Художник отложил свой карандаш, подошел к воде и стал прохаживаться вдоль морского берега, то и дело поглядывая вдаль, где исчезла прекрасная незнакомка. Заметив ее шлепки, такие же белые, как и все, что на ней было из одежды, он уселся рядом с ними на камни и взгляд его поплыл по морским волнам, выискивая пловчиху. Прошло почти два часа, а ее все не было видно. Художник разволновался не на шутку, уже готов был поднять тревогу и броситься в пучину искать ее, как вдруг совсем неожиданно она появилась прямо из волн.
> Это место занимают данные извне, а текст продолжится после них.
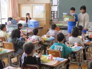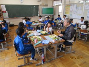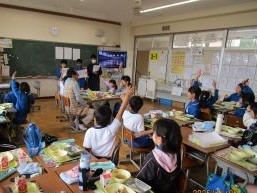 5年生が七重食育研究会・JA岩井の皆さんと育てたレタスが給食に出ました。レタスとたまごのスープとなってBブロックの献立となりました。給食の時間には5年生が各学級へ出向き、クイズを通して、レタスづくりの紹介をしました。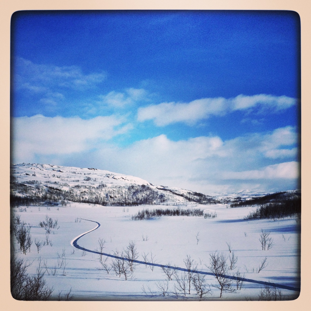 Så här fint var det igår när vi åkte med transferbussen från Riksgränsen till Björkliden. Men vädret slog om igår eftermiddag och idag är vi insnöade vid Riksgränsen. Transferbussen gick inte.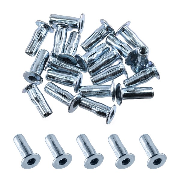 Keadic 20Pcs M4 Multi-Grip Rivet-Nut Pre Bulbed Threaded Inserts, Zinc Plated Flat Head Slotted Nutsert Fasteners for Construction Industrial
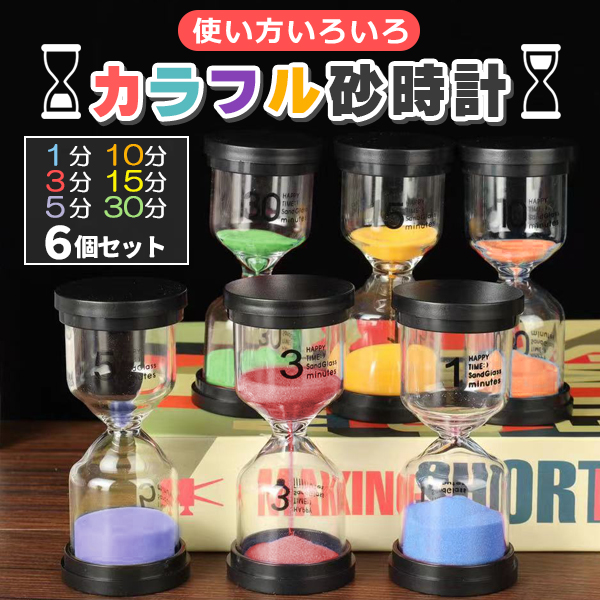 砂時計 6個セット インテリアタイマー 砂タイマー カラフル 砂時計 6個セット おしゃれ かわいい インテリア 子ども キッズ
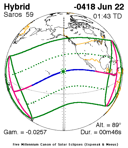 A hybrid eclipse of the Sun occurred on 21 June, 0419 BC UT Old Style, with maximum eclipse at 21:20 UT. The Sun was darkened for 46 seconds by a dramatic hybrid eclipse covering a narrow path at most 25 km wide. This was a sight worth seeing.

Художник от удивления замер.
- Как морская фея,- подумал он и заулыбался. Незнакомка скинула ласты, сняла маску, нагнулась, взяла свои шлепки, даже не посмотрев в его сторону, направилась к своему лежаку. Ее движения были изящны и легки, усталости от плавания в море почти два часа на ее лице не чувствовалось, наоборот, оно стало свежим и еще более красивым. Художник восторженно провожал ее взглядом, когда крик вернул его на землю. Кричал невысокий мужичок, который бежал по пляжу вслед за верблюдом. Верблюд, смешно взбрыкивая длинными ногами, несся прямо на незнакомку, не ведающую, что происходит за ее спиной. Художник бросился наперевес, верблюду, еще не понимая, как он его остановит и тоже начал кричать и махать руками незнакомке.
Она оглянулась в самый последний момент. Когда верблюд почти настиг ее. Народ на пляже замер от ужаса. Незнакомка резко остановилась, в следующую секунду выбросила вперед руку и, в упор глядя на верблюда, громко сказала фразу, нелепее которой художник никогда в своей жизни не слышал: - Мы с тобой одной крови, ты и я, и я тебя люблю!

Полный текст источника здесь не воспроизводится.